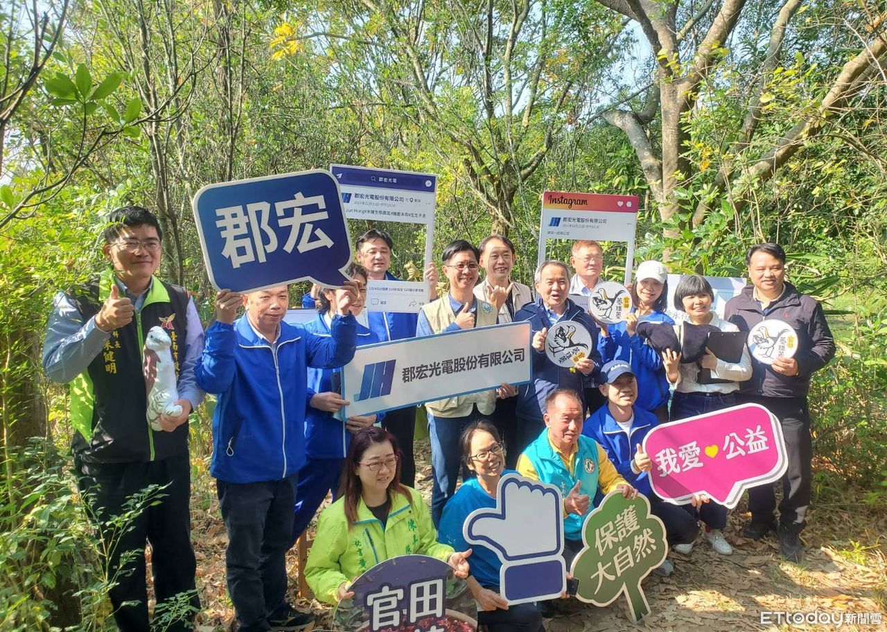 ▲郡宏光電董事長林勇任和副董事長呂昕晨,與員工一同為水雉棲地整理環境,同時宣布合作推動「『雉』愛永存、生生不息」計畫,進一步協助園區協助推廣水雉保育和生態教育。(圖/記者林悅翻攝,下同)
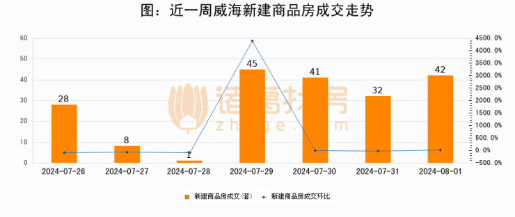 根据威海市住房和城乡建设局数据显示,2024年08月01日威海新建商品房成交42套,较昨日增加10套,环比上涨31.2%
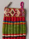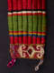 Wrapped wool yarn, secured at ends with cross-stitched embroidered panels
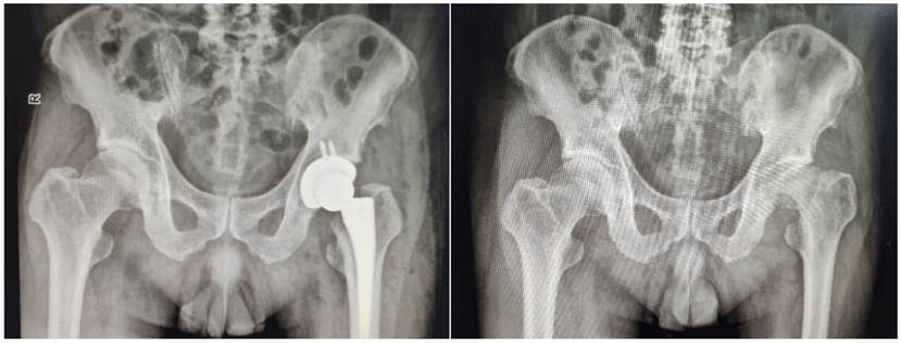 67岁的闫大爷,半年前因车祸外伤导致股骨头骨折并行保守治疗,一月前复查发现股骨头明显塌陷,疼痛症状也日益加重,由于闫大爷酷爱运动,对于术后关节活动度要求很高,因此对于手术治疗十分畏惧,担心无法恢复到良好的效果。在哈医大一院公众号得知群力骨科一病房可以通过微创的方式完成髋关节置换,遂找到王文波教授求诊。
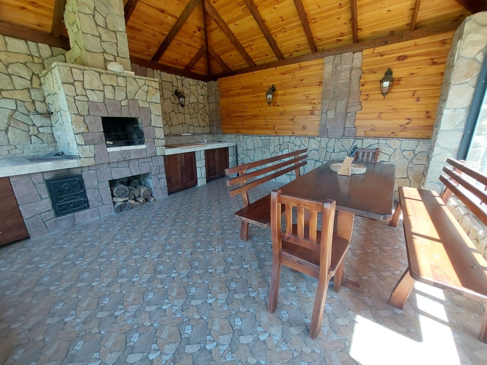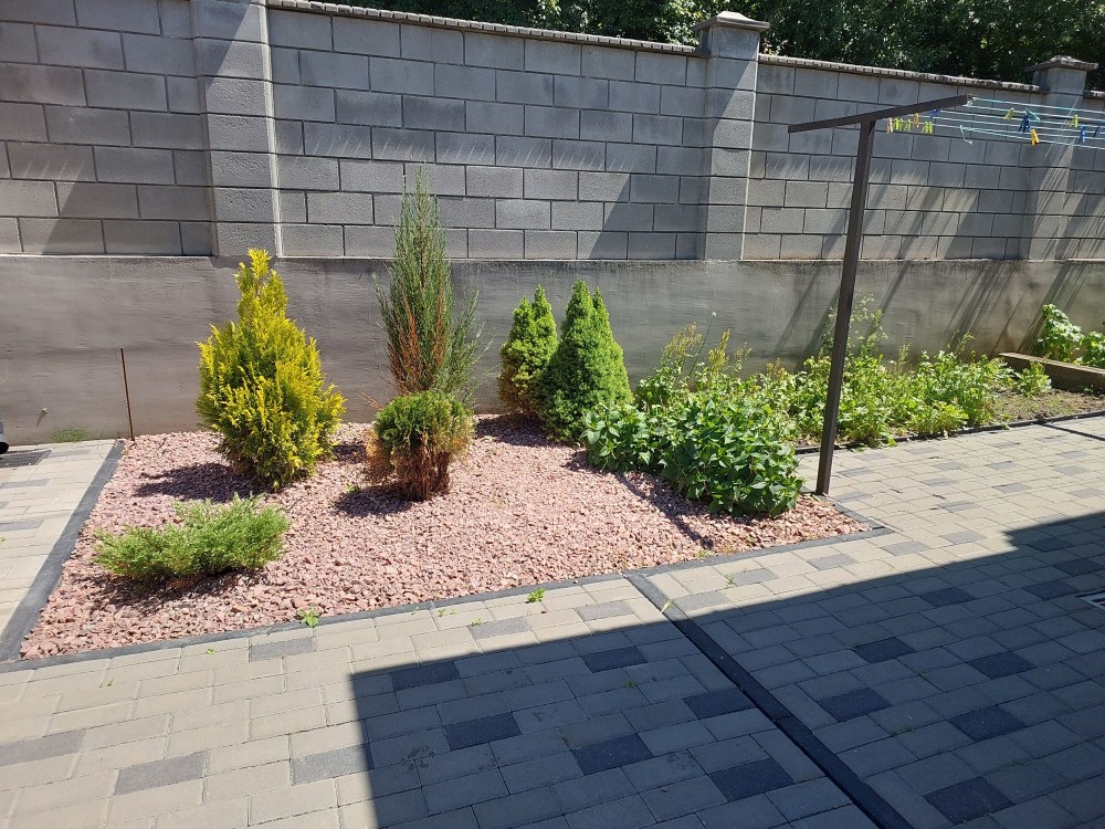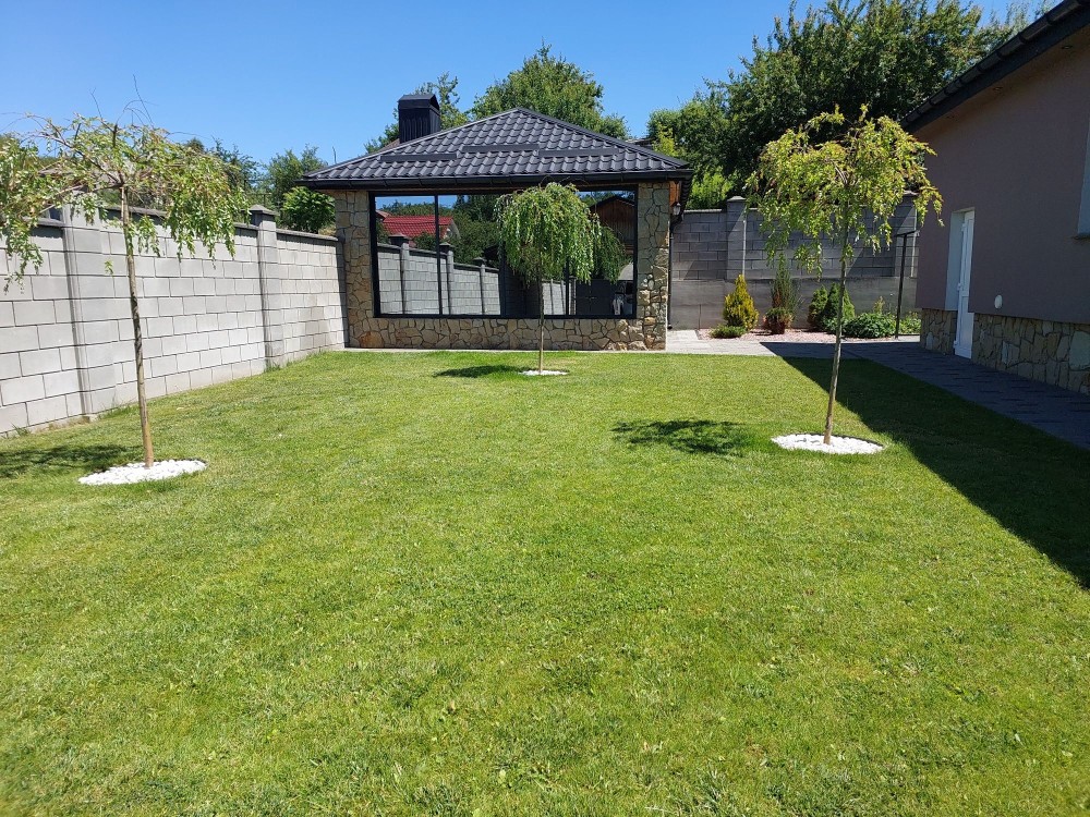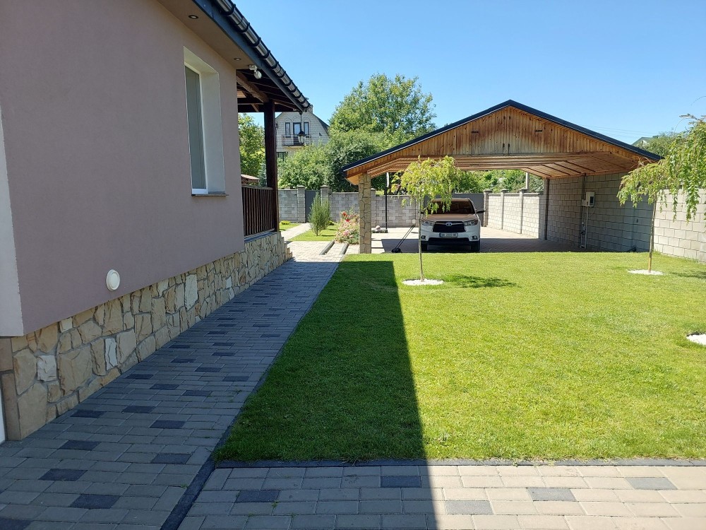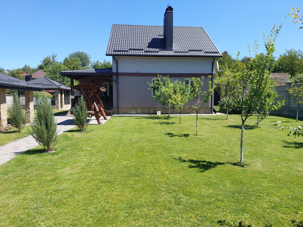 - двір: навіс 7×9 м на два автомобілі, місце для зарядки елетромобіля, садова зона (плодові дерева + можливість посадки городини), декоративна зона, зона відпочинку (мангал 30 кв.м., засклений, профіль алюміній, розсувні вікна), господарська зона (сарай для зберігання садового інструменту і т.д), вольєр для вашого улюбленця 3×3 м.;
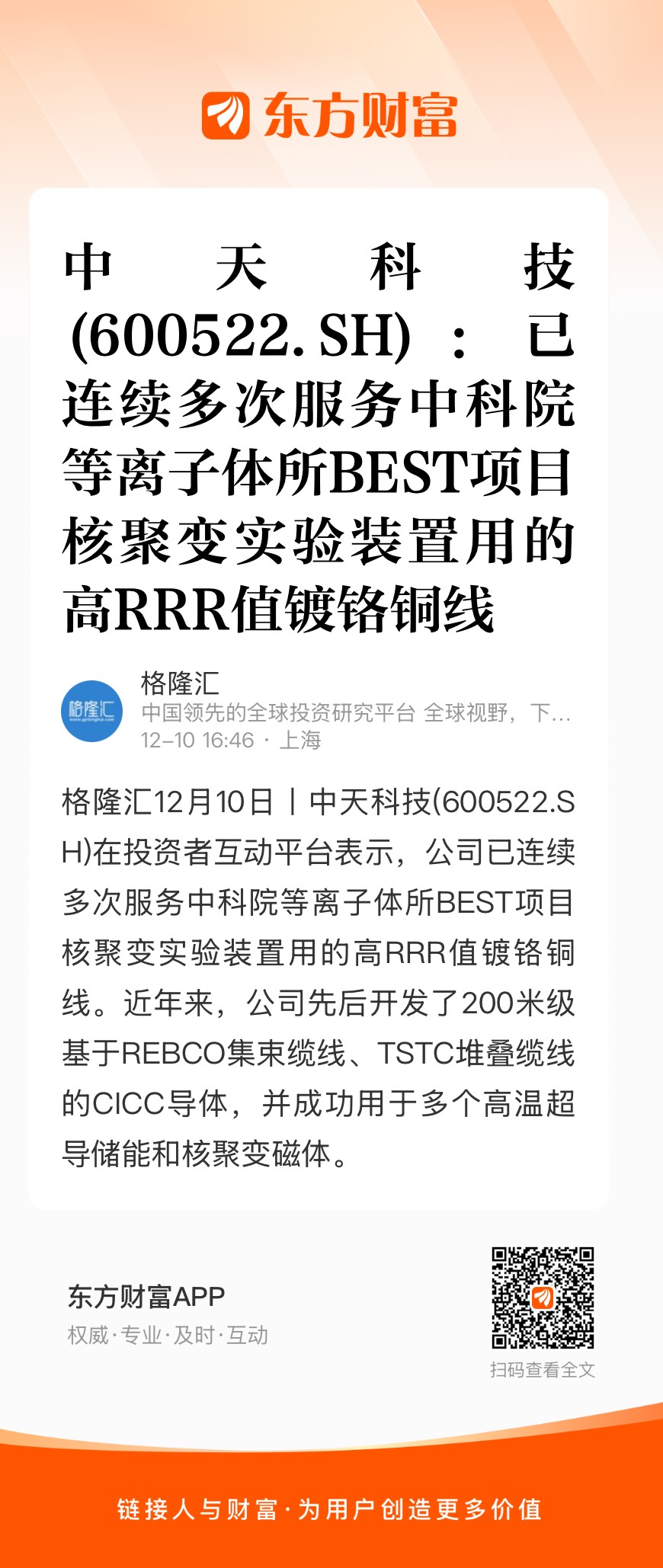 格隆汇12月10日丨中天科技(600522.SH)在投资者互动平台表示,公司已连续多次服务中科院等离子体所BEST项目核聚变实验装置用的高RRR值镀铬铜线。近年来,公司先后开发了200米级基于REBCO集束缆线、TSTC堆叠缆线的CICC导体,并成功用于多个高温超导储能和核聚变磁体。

○ ○ ○ ○ ○ ○ ○

> _EXERCISE BRIEF_
A faithful, word-for-word copy of the records above, pictures left out, is the answer.

> _RESULT OF THIS TASK_
 ▲郡宏光電董事長林勇任和副董事長呂昕晨,與員工一同為水雉棲地整理環境,同時宣布合作推動「『雉』愛永存、生生不息」計畫,進一步協助園區協助推廣水雉保育和生態教育。(圖/記者林悅翻攝,下同)
 根据威海市住房和城乡建设局数据显示,2024年08月01日威海新建商品房成交42套,较昨日增加10套,环比上涨31.2%
 Wrapped wool yarn, secured at ends with cross-stitched embroidered panels
 67岁的闫大爷,半年前因车祸外伤导致股骨头骨折并行保守治疗,一月前复查发现股骨头明显塌陷,疼痛症状也日益加重,由于闫大爷酷爱运动,对于术后关节活动度要求很高,因此对于手术治疗十分畏惧,担心无法恢复到良好的效果。在哈医大一院公众号得知群力骨科一病房可以通过微创的方式完成髋关节置换,遂找到王文波教授求诊。
 - двір: навіс 7×9 м на два автомобілі, місце для зарядки елетромобіля, садова зона (плодові дерева + можливість посадки городини), декоративна зона, зона відпочинку (мангал 30 кв.м., засклений, профіль алюміній, розсувні вікна), господарська зона (сарай для зберігання садового інструменту і т.д), вольєр для вашого улюбленця 3×3 м.;
 格隆汇12月10日丨中天科技(600522.SH)在投资者互动平台表示,公司已连续多次服务中科院等离子体所BEST项目核聚变实验装置用的高RRR值镀铬铜线。近年来,公司先后开发了200米级基于REBCO集束缆线、TSTC堆叠缆线的CICC导体,并成功用于多个高温超导储能和核聚变磁体。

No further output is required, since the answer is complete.